Sigorta dolandırıcılığı olarak da kullanılan bu durum suiistimale çok açıktır. Çoğu zaman sigorta şirketi, lehtarların bilgisizliğinden yararlanır. Prim ödeme yükümlüsü sözleşmenin diğer tarafı olan sigorta ettirenden zararın tazminini ister. Ancak sigorta şirketi zararı tazmin etse de sigorta ettirene rücu ediyorsa burada hakkaniyete aykırı durumlar olabilir. Hakkaniyete aykırılık olduğunu düşünüyorsanız veya sigorta şirketi size rücu hakkını kullanıyorsa bu durumda iyi bir avukatla anlaşın. Avukatınız dava sürecini yönetip rücu hakkının kullanılmasını engelleyebilir.
Bilgisizliğiniz büyük miktarlarda ödeme yapmanıza neden olmasın. Poliçe imzalanırken kusur sorumluluğunu üstlenecek sigorta şirketi kaza sonrası ödeme yapmaktan kaçınıyorsa veya rücu hakkını kullanıyorsa avukatınız savunma sayesinde davayı şekillendirebilecektir. Bu tür davalar zor ve karmaşıktır. İyi bir şekilde hazırlanılmadığı zaman sonuç hüsranla bitebilir. Hem poliçe primi ödeyip hem de kaza sonrası ödeme yapmak durumunda kalabilirsiniz. Bununla karşılaşmamak adına kendinizi hukuki güvenceye almalısınız. Sigorta poliçesindeki maddeleri bilmek ve hukuki sorumluluk açısından neye sebep olduğunu anlayabilmek için süreci doğru yönetin. Süreç yönetimi için en iyisi avukatlık hizmeti almaktır. Belgelerin zamanında toplanması ve delil listesinin oluşturulması için bu şarttır.

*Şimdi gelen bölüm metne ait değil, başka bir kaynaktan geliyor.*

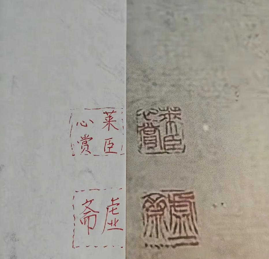 为什么南京博物院藏品,仇英的《江南春》图拍卖被发现?一方面是8800万的拍卖价格确实太响亮了。另一方面,很多人没有概念,《江南春》这幅画是巨制,看看两个观赏的人在这幅画面前简直就是非常小的存在。这么大的巨制,会引起很多人驻足观赏或者媒体拍照,肯定会传播出去。而且细心得网友在拍卖处拍到的印章做了对比,一个虚斋,一个庞莱臣,这就是民国收藏大家庞元济收藏的作品,因为庞元济,字莱臣,号虚斋!南京博物院不拿出充足自证清白的证据了,估计事就坏透了!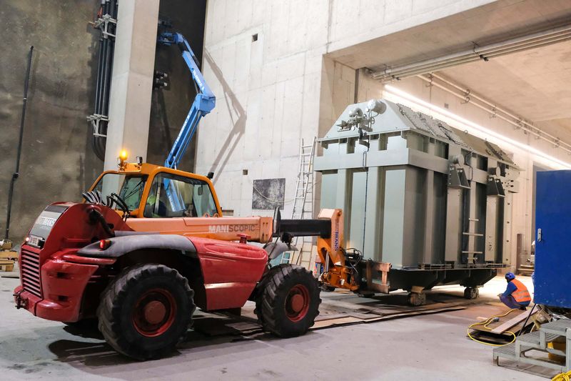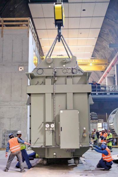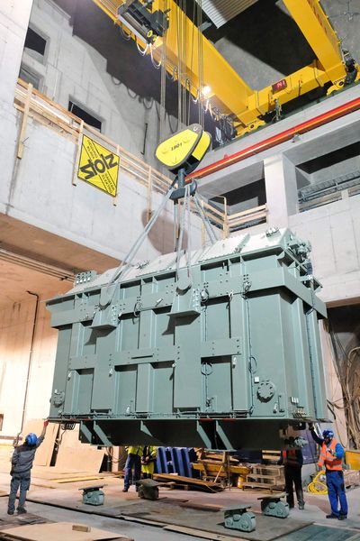 The components were then unloaded in the machine cavern using a gantry crane. The transformers were then put onto their foundations by Bau-Trans employees. The voltage transducers were moved into the transformer cavern by means of so-called gripper pulleys on a rail system, laterally, about 60 metres, and then fixed.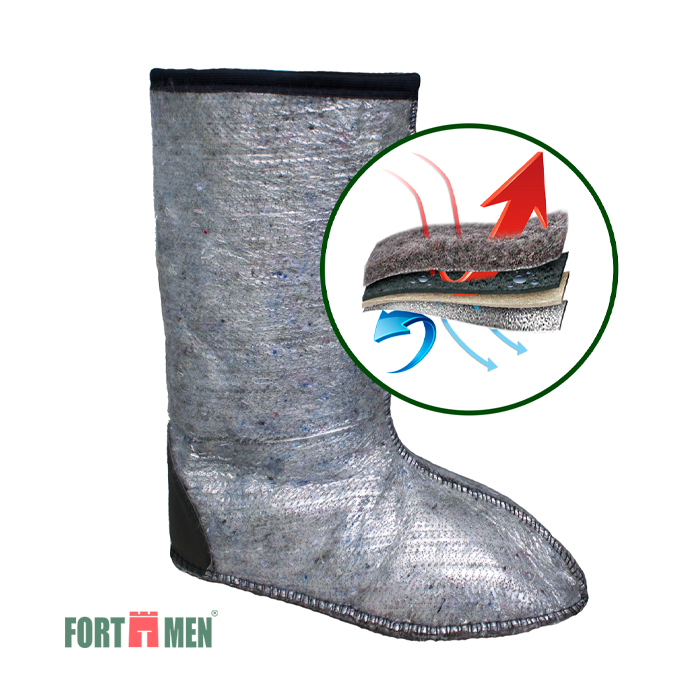 Нижняя часть сапога цельнолитая из материала ПВХ. Внутри сапог содержит 3хслойный чулок и стельку из материала ЭВА, которые сохраняют тепло и впитывают пот. Чулок легко извлекается и быстро сушится. Материал голенища - водооттталкивающая ткань OXFORD 600.

Sigorta ve kasko şirketlerine açılacak davada ne kadar hızlı karar alınırsa o kadar avantajlı olursunuz. Kendi yapacağınız savunma ve görev ile yetki konuları hukuk bilgisi gerektirir. Vatandaş olarak yapacağınız başvurular hızlı ve nitelikli değilse talebiniz reddedilebilir. Büyük çaplı sorun yaşamamak ve maddi açıdan zarara uğramamak için işini bilen, tecrübeli avukatla çalışın. Avukatınız zaman içerisinde gördüğü dava tiplerine göre öncesinde öngörüsü olur. Bu sayede sigorta dolandırıcılığının da önüne geçebilir. Hukuki ve maddi açıdan gereklilik olduğu her durumda avukat desteği mutlaka almalısınız. Hukuki desteksiz süreç yönetmek sizi zaman ve miktar açısından da zorlar. Olaya uygun prosedürleri işletip tazminat ödemekten kaçınabilirsiniz.

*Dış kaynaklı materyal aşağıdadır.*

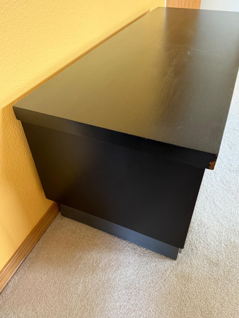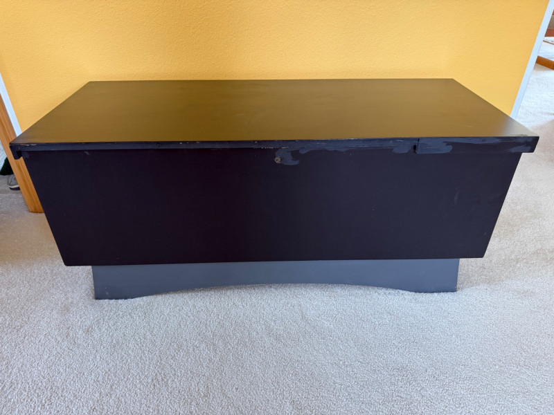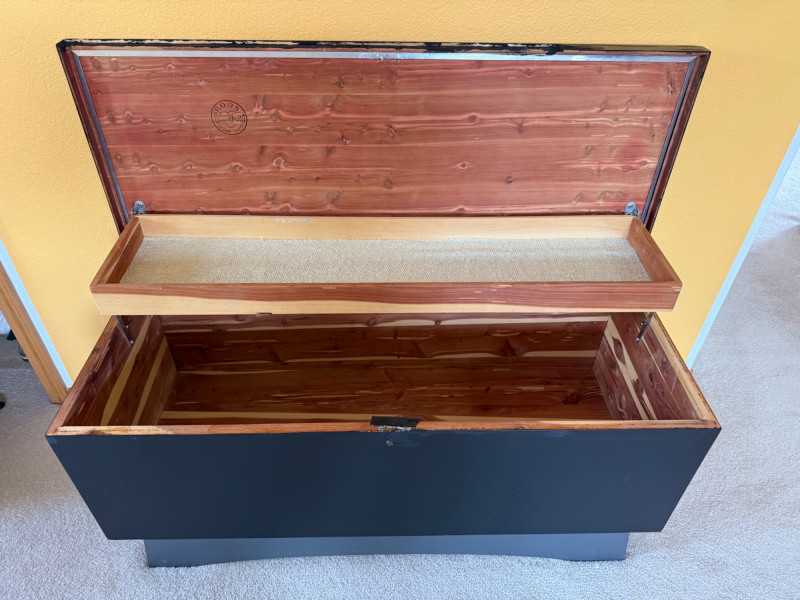 Vintage "Sweetheart" cedar chest by Roos, featuring aromatic cedar interior with original lift-out tray and stamped logo inside the lid. The exterior has been painted black, giving it a modern refresh while preserving its classic charm. Ideal for use as a blanket chest, bench, or decorative storage. Dimensions:44.5" W x 19.5" H x 18.25" D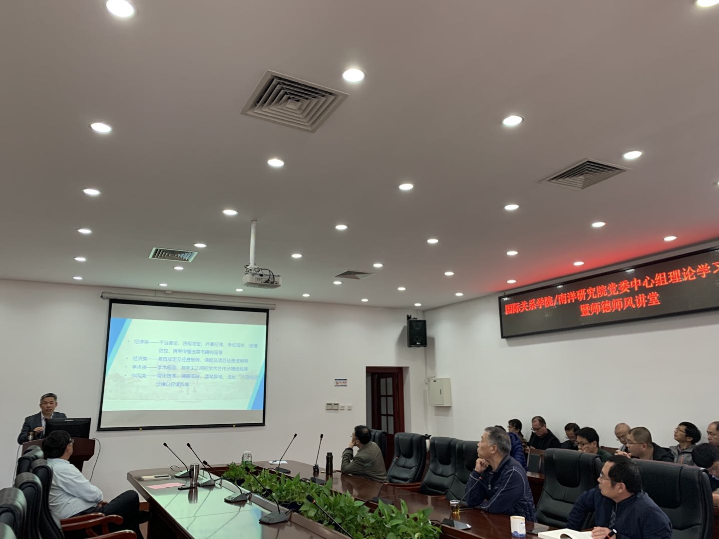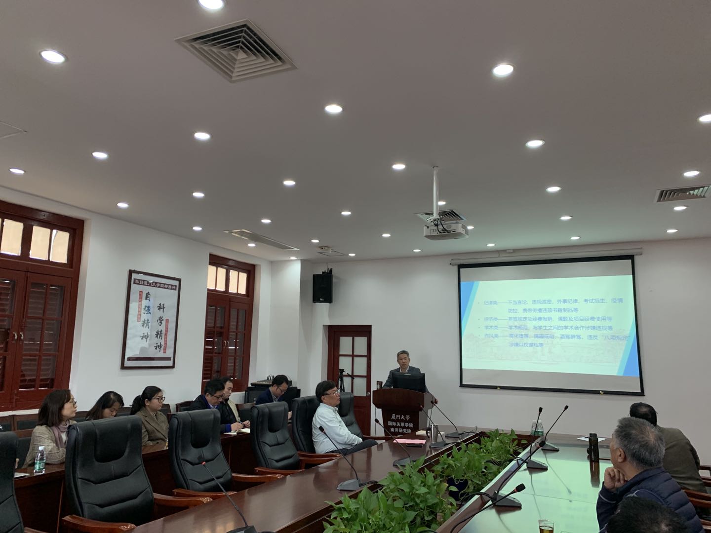 为深入学习贯彻习近平新时代中国特色社会主义思想,全面贯彻党的十九大和十九届二中、三中、四中、五中全会精神,增强“四个意识”,坚定“四个自信”,做到“两个维护”,全面落实校纪委《厦门大学2020年党风廉政建设工作要点》和校党委第三轮巡察整改要求, 2020年12月28日,学院党委副书记、纪检委员陈伟老师为全体教师上了一堂题为“以案说纪”——加强高校师德师风建设“的专题党课。该讲座也作为学院党委中心组理论学习(扩大)暨全体教师的双周政治理论学习。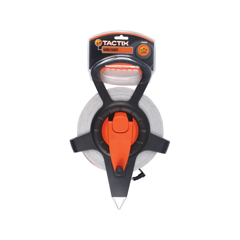 Μετροταινία ανοιχτού τύπου Fiberglass Tactix 60m x 13mm, με ανθεκτική ταινία από υαλονήματα, ανοικτό περίβλημα για εύκολο καθαρισμό και εργονομική λαβή. Ιδανική για χρήση σε εργοτάξια και εξωτερικούς χώρους.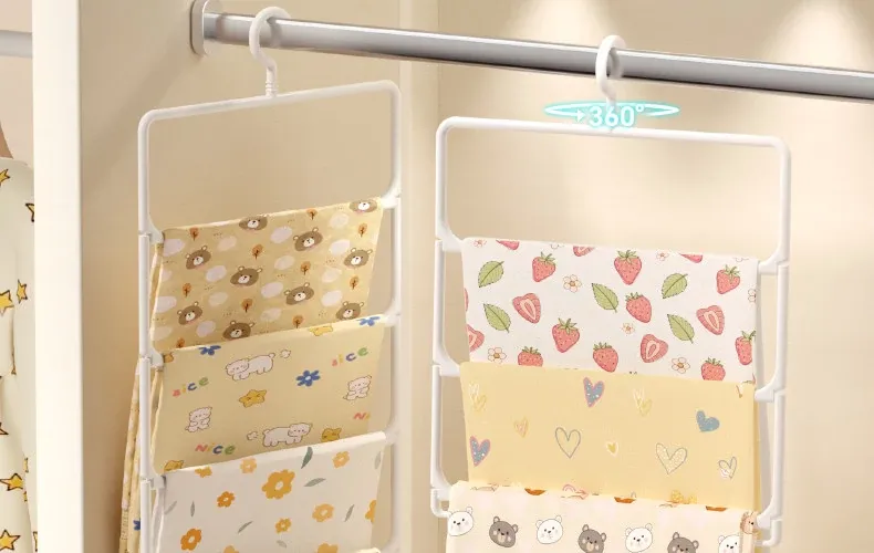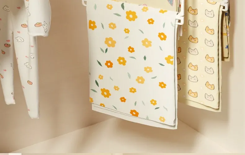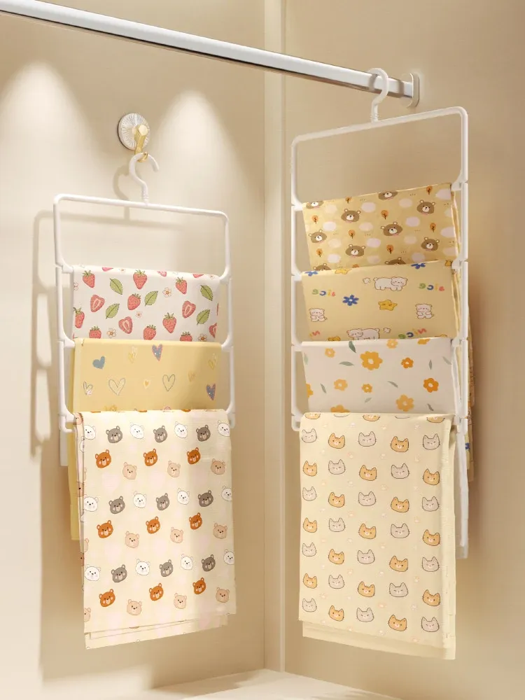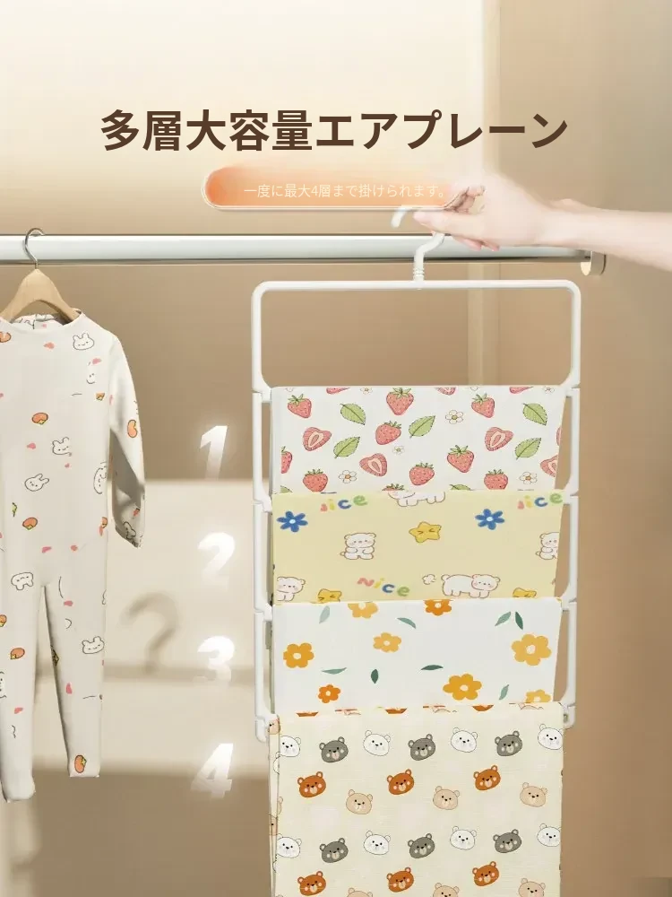 赤ちゃんのバスタオル収納便利グッズ!赤ちゃん専用タオル折りたたみハンガー、子供用クローゼットに最適。多機能クリップ付き、靴下や衣類もかけられる!整理整頓が楽しくなるアイテムです。

İstanbul Zeytinburnu’nda faaliyet gösteren Gür Hukuk sigorta dolandırıcılığı, sigorta ve kasko şirketlerine açacağınız tazminat davalarında deneyimlidir. Süreç içerisinde haklarınızı almanız ve tazminat yükümlülüğünden kaçınmanız gereken her noktada sizi destekleyeceklerdir. Belgeleri tam ve eksiksiz şekilde zamanında teslim ettiklerinden davayı kazanma olasılığınız da yükselecektir.